Palo Alto Networks has issued a warning about a newly discovered zero-day vulnerability in its PAN-OS operating system, identified as CVE-2025-0108. This flaw potentially allows threat actors to bypass login authentication, and reports indicate that it is already being exploited in the wild.
Administrators are advised to ensure their devices are fully patched and to restrict access to the management interfaces of their firewalls, ideally blocking open internet access. According to Palo Alto Networks, this will significantly lower the risk of exploitation. They recommend allowing management access only from trusted internal IPs, which is detailed in their best practices for deployment.
To identify at-risk devices, administrators can navigate to the Assets section in the Palo Alto Networks Customer Support Portal and look for those tagged with ‘PAN-SA-2024-0015’. Devices can be exposed through management interfaces, particularly if they are set up with GlobalProtect portals or gateways that are configured improperly.

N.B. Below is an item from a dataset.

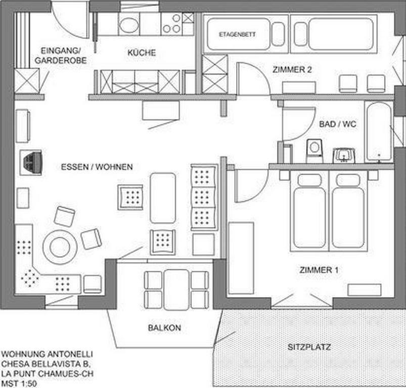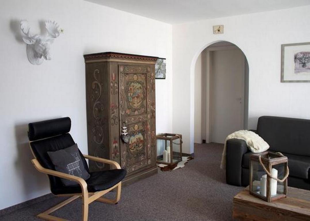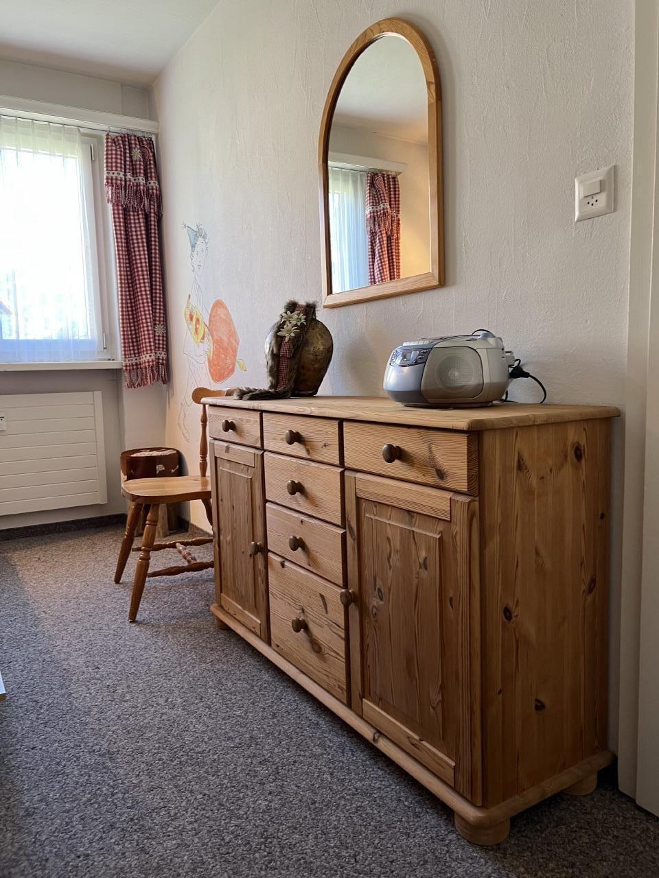 3 ½-Zimmerwohnung (65 m2) für bis zu 6 Personen mit Balkon und Gartensitzplatz mit Aussicht auf den Piz Mezzaun. Entrée mit Garderobe, grosses und helles Wohn- und Esszimmer (Polstergruppe und Sessel, Eckbank und Tisch, TV, Radio, kostenloses WLAN-Internet) mit Schlafmöglichkeit auf dem Bettsofa. Komplett eingerichtete Küche (Glaskeramikkochfeld, Backofen, Geschirrspüler,Mikrowelle, Nepresso Kaffeemaschine, Dampfabzug, Kühlschrank mit Tiefkühlfach). Zwei Schlafzimmer (1 Elternzimmer mit 2 Einzelbetten; 1 Kinderzimmer mit 1 Etagenbett und 1 Einzelbett; Kinderreisebett auf Anfrage gratis verfügbar). Bad/WC ist im April 2023 neu renoviert worden. Abstellraum für Ski und Velos. Waschmaschine und Tumbler zur allgemeinen Benützung. Garagenplatz vorhanden Haustiere erlaubt.

The vulnerability stems from an architectural flaw between the Nginx and Apache components of PAN-OS. Essentially, Nginx initially processes web requests and passes them to Apache, which can treat the requests differently, creating the conditions for an authentication bypass. Assetnote, the firm that discovered the vulnerability, emphasized that such architectural issues are common and can lead to significant security risks.
Palo Alto Networks has confirmed that the vulnerability does not affect its Cloud NGFW or Prisma Access products. Prompt action is crucial as exploitation began shortly after the vulnerability was disclosed, highlighting the importance of immediate security measures.